Segment Start: Data segment

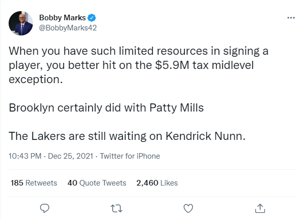 The impact of signing of Mills under the constrains the Nets put on themselves by going the Super Team route is nothing short of incredible. Former Nets executive turned ESPN powerhouse Bobby Marks said it best here:
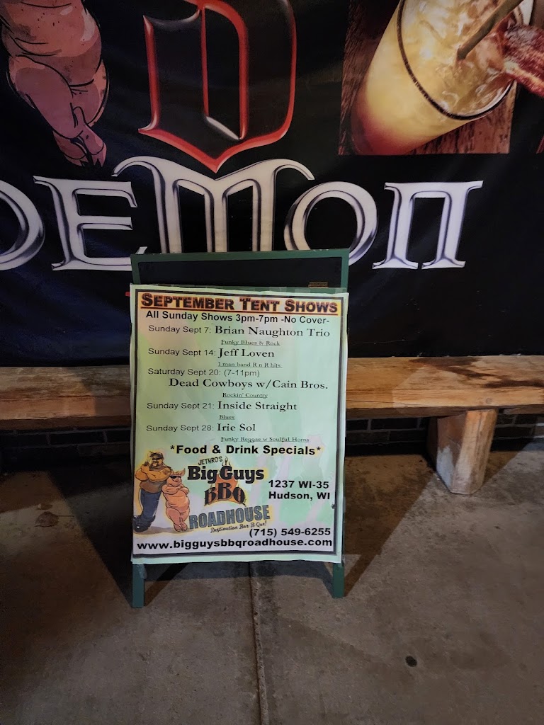 Big Guy's BBQ Roadhouse in Hudson, WI has been a local favorite since 2015, proudly serving Hudson, River Falls, Baldwin, New Richmond, and surrounding areas. We offer a wide range of experiences including wine, craft beer, happy hour, daily specials, catering, live music, ladies night, and more. We are currently open for dine-in with limited seating, as well as curbside pick-up, delivery, and takeout. Our kitchen hours are Monday through Thursday from 11 AM to 10 PM, Friday from 11 AM to 11 PM, Saturday from 8 AM to 11 PM, and Sunday from 8 AM to 10 PM. For your next meal, visit Big Guy's BBQ Roadhouse.
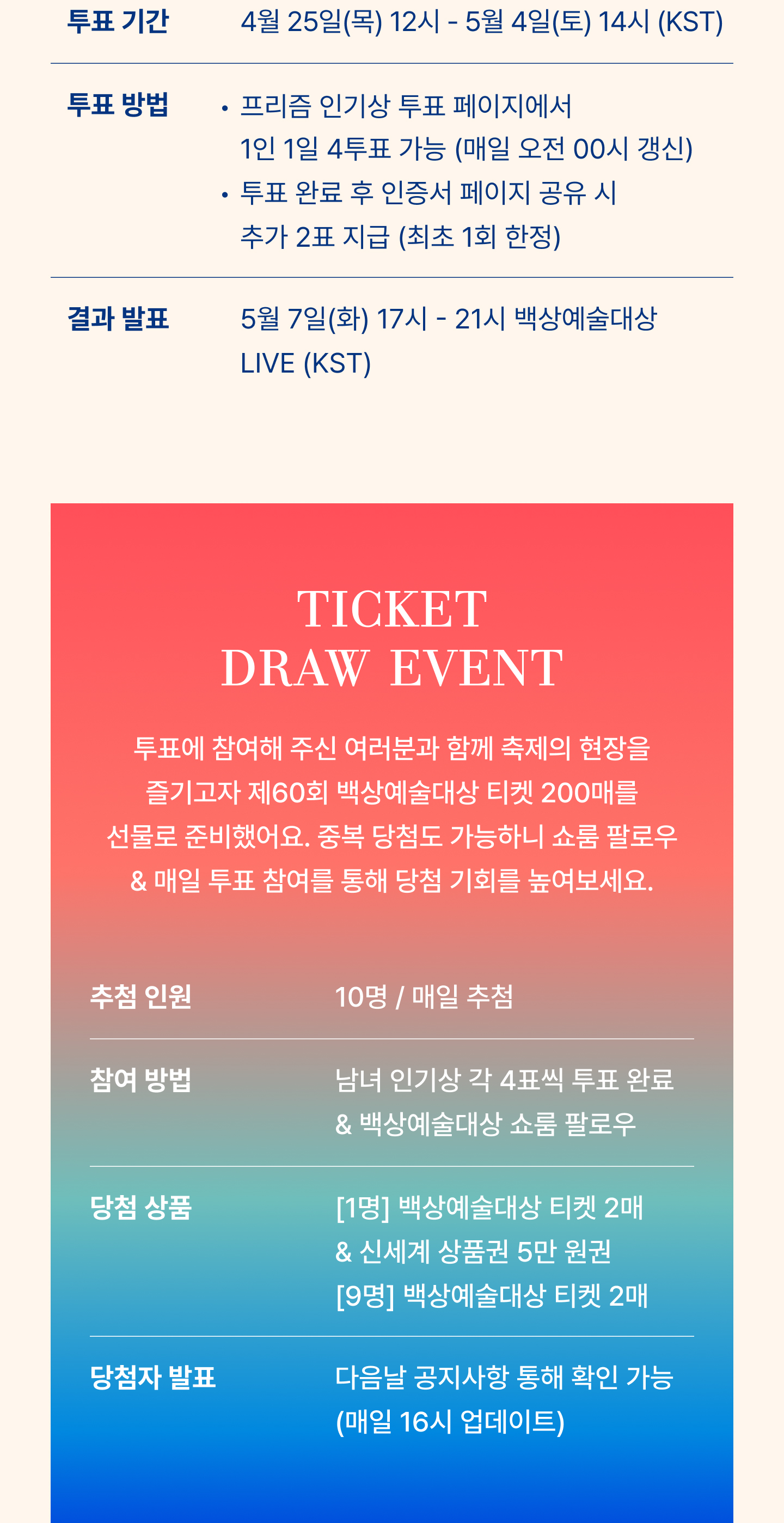 응원하는 배우를 백상예술대상 수상자로

Segment End: Data segment

• **Exercise prompt**: Copy every line of the data exactly as written, excluding the pictures.

• **Output for this task**:
 The impact of signing of Mills under the constrains the Nets put on themselves by going the Super Team route is nothing short of incredible. Former Nets executive turned ESPN powerhouse Bobby Marks said it best here:
 Big Guy's BBQ Roadhouse in Hudson, WI has been a local favorite since 2015, proudly serving Hudson, River Falls, Baldwin, New Richmond, and surrounding areas. We offer a wide range of experiences including wine, craft beer, happy hour, daily specials, catering, live music, ladies night, and more. We are currently open for dine-in with limited seating, as well as curbside pick-up, delivery, and takeout. Our kitchen hours are Monday through Thursday from 11 AM to 10 PM, Friday from 11 AM to 11 PM, Saturday from 8 AM to 11 PM, and Sunday from 8 AM to 10 PM. For your next meal, visit Big Guy's BBQ Roadhouse.
 응원하는 배우를 백상예술대상 수상자로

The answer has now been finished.